Top of THE DATA

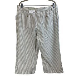 New Liz Claiborne Linen Flax Stripes Cropped Capri Pants Size L
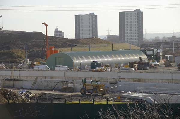 ![]() Channel tunnel rail link and works from Bully Point nature reserve, Stratford, London |
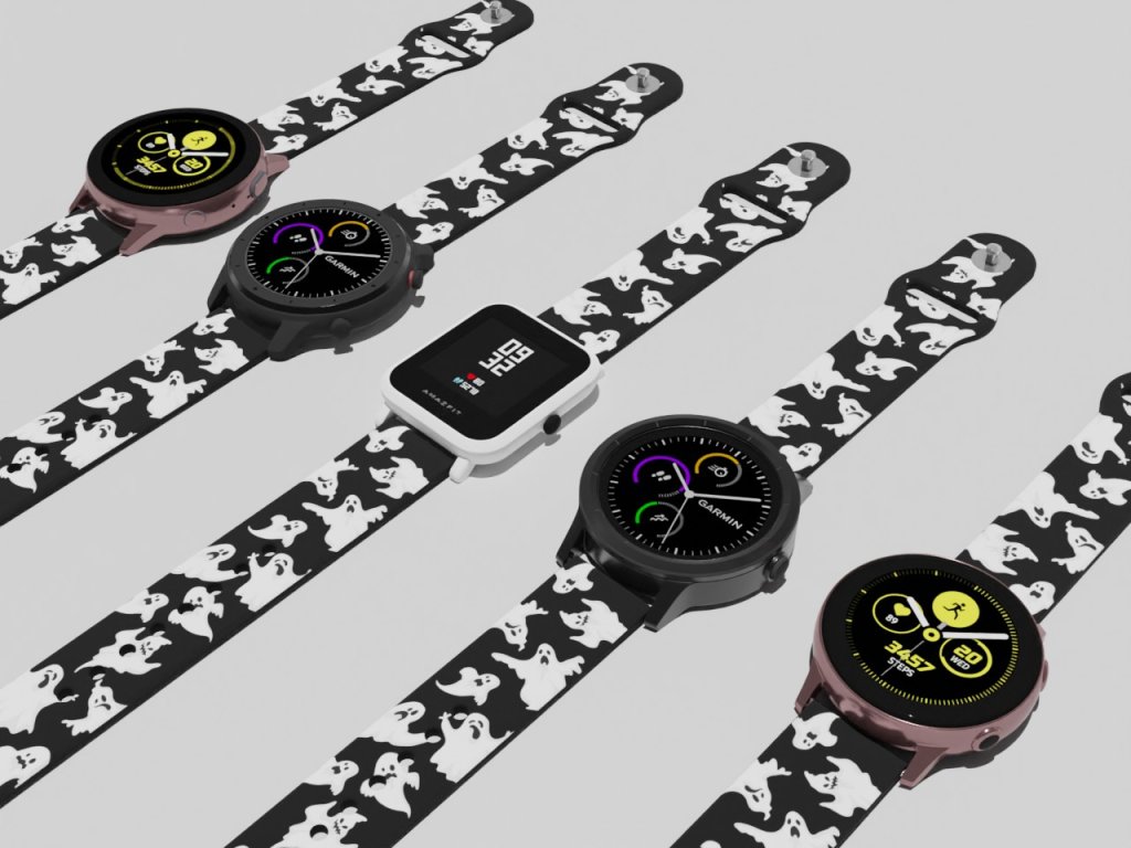 Černý náhradní řemínek pro chytré hodinky s bílým potiskem duchů jako z Ghostbusters.
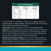 Our Inactive & Active daily feeding guides help your dog maintain an ideal body weight. It has been proven that you may increase the life expectancy of your dog by up to 2 years when feeding to a lean body mass index.
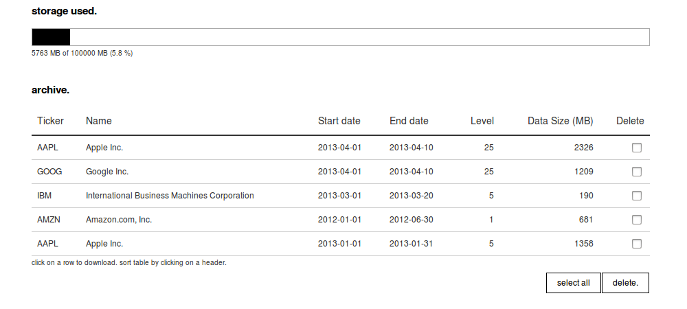 Assume, for example, someone wants to request 10 level limit order book data for Apple (AAPL) from June 2011 to December 2012. Requesting
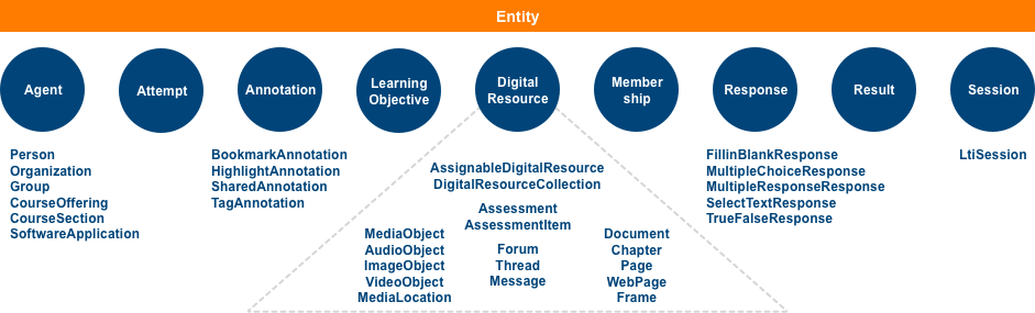 Caliper Analytics 표준에는 이벤트 유형과 구문 규칙 외에도 학습 활동과 관련된 구체적인 개체(entity)의 유형도 정의하고 있는데, 구문 규칙상 주어와 목적어, 부가적인 맥락을 설명하는데 사용되는 정보들이 각각의 개체로 표현됨
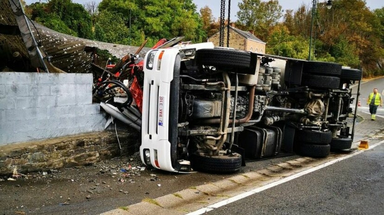 L’accident a eu lieu à Tellin, au niveau de la sortie du rond-point Grupont. Le poids-lourd est parti à la renverse, percutant un poteau électrique et une véranda au passage.

Bottom of THE DATA

_EXERCISE AIM_
Beginning at the first line of the listing, print each line exactly until and including the one that has "Our Inactive &"; skip pictures.

_YOUR SOLUTION_
 New Liz Claiborne Linen Flax Stripes Cropped Capri Pants Size L
 ![]() Channel tunnel rail link and works from Bully Point nature reserve, Stratford, London |
 Černý náhradní řemínek pro chytré hodinky s bílým potiskem duchů jako z Ghostbusters.
 Our Inactive & Active daily feeding guides help your dog maintain an ideal body weight. It has been proven that you may increase the life expectancy of your dog by up to 2 years when feeding to a lean body mass index.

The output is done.